Mcmurdodus Temporal range: Eifelian–Givetian PreꞒ Ꞓ O S D C P T J K Pg N

Scientific classification
- Kingdom: Animalia
- Phylum: Chordata
- Class: Chondrichthyes
- Subclass: Elasmobranchii
- Family: †Mcmurdodontidae
- Genus: †Mcmurdodus White, 1968
- Species: †M. featherensis
- Binomial name: †Mcmurdodus featherensis White, 1968

= Mcmurdodus =

- Authority: White, 1968
- Parent authority: White, 1968

Extinct genus of cartilaginous fishes

Mcmurdodus is an extinct genus of chondrichthyan belonging to the family Mcmurdodontidae. It contains one species, Mcmurdodus featherensis, from the Middle Devonian of Antarctica. The Australian species M. whitei was previously included in the genus too, but was moved to a new genus, Maiseyodus, in 2021.
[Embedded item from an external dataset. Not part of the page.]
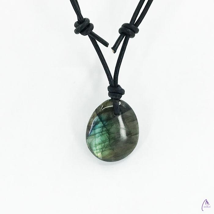 Unikaten obesek kolekcije Versy iz Labradorita na črnem usnjenem traku s prilagodljivo dolžino (poteg vozla gor oz. dol).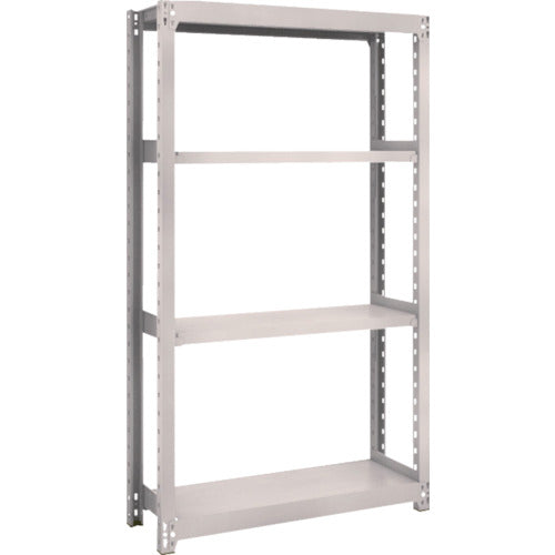 ●間口(mm):902●奥行(mm):309●高さ(mm):1507●有効間口(mm):816●色:ネオグレー●棚段数(段):4●均等積載量(kg/段):200●最大積載量(kg/台):1500●棚板調整ピッチ(mm):25●タイプ:単体型●組立目安:2人30分

Their teeth closely resemble those of modern sharks in the families Hexanchidae and Echinorhinidae, and they were tentatively classified in the Hexanchiformes when first described. However, more recent analyses indicate that they lack multiple layers of enameloid on their tooth crowns, something present in all modern sharks and many sharks that coexisted with Mcmurdodus. In addition, most divergence estimates for modern sharks are irreconcilable with the age of Mcmurdodus. For this reason, the Mcmurdontidae are now considered indeterminate chondrichthyans.